Install the OpenSlide C library before installing the Python bindings.

# Ubuntu/Debian
sudo apt-get install openslide-tools

# macOS (Homebrew)
brew install openslide

Windows users: download binaries from openslide.org.

2. Python Package

git clone https://github.com/IlyaLab/tbccsi.git
cd tbccsi
pip install .

This registers the tbccsi CLI command and installs all dependencies.

Quick Start

# 1. Tile a slide (produces tiles.csv with coordinates + blur scores)
tbccsi tile --sample-id Sample_001 --input-slide slide.svs \
    --work-dir ./output --tile-file tiles.csv

# 2. Run inference
tbccsi pred --sample-id Sample_001 --input-slide slide.svs \
    --work-dir ./output --tile-file ./output/tiles.csv \
    -m ./my_model/best.pth --do-inference

# 3. Apply cell-calling thresholds
tbccsi call --sample-id Sample_001 --work-dir ./output \
    --pred-file ./output/Sample_001_virchow2_multihead_v2_preds.csv \
    --thresh-file thresholds.csv --out-file calls.csv

# (Optional) Extract backbone CLS embeddings for fast multi-model inference (no -m needed)
tbccsi embed --sample-id Sample_001 --input-slide slide.svs \
    --work-dir ./output --tile-file ./output/tiles.csv \
    --latent-type backbone_cls --save-format npz

# (Optional) Extract head-based latent embeddings
tbccsi embed --sample-id Sample_001 --input-slide slide.svs \
    --work-dir ./output --tile-file ./output/tiles.csv \
    -m ./my_model/best.pth -n virchow2_multihead_v2 \
    --latent-type backbone --save-format npz

Usage

Tiling (tile)

Scans a whole slide image, detects tissue regions, and generates a tile coordinate CSV. Each tissue tile is scored for focus quality using two metrics.

tbccsi tile --sample-id "Sample_001" \
    --input-slide "/path/to/slide.svs" \
    --work-dir "./output" \
    --tile-file "tiles.csv" \
    --save-tiles       # optional: write tile PNGs to disk
    --fft-cutoff 0.3   # optional: FFT high-freq cutoff fraction (default: 0.3)
    --plot             # optional: save a QC heatmap PNG

Adding --plot writes {sample_id}_tile_qc.png to --work-dir.
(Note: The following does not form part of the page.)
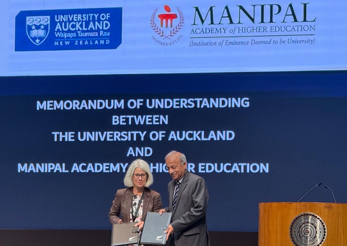 Manipal, March 18, 2025: Manipal Academy of Higher Education (MAHE) entered into a strategic partnership with the University of Auckland, New Zealand’s leading university, by signing a Memorandum of Understanding (MoU) today to foster collaborative initiatives in education and research. This MoU will pave the way for student and faculty exchanges and educational programmes.
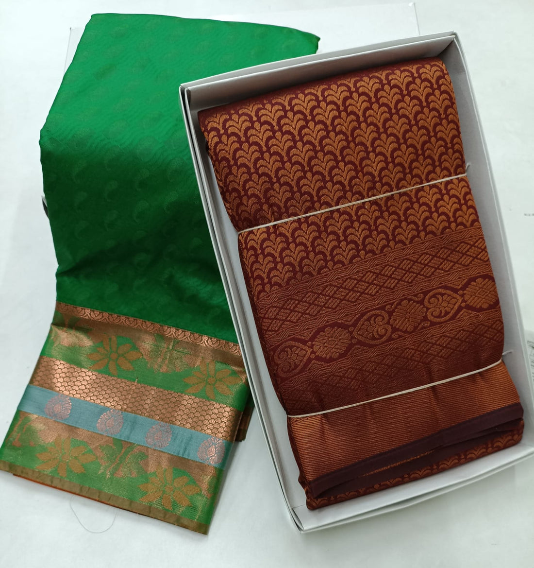 This exclusive Buy 1 Get 1 combo offer brings together a luxurious Bridal Silk Saree...

This is a two-panel figure:

  • Left panel — mean tile color: each tissue tile rendered as its average RGB color, giving a quick visual of tissue coverage and staining.
  • Right panel — blur QC: tissue tiles shown in grey, with lap_var encoded as blue intensity and fft_hfe encoded as red intensity. Background (non-tissue) is white. Two colorbars label the blue and red axes independently.

Output CSV columns:

Column Description
x, y Tile top-left coordinate at level 0
tile_id Sequential tile index (0-based)
mean_red, mean_green, mean_blue Per-channel mean pixel value
lap_var Laplacian variance — higher values indicate sharper focus
fft_hfe FFT high-frequency energy ratio (0–1) — higher values indicate sharper focus

--fft-cutoff controls the radial frequency threshold used to define "high frequency" in the FFT metric. Lower values include more of the spectrum (more sensitive); the default of 0.3 works well for 224×224 tiles at 20× magnification.

Prediction (pred)

Runs model inference on tiles. The model is specified by weights (-m) and optionally a config (-c or -n).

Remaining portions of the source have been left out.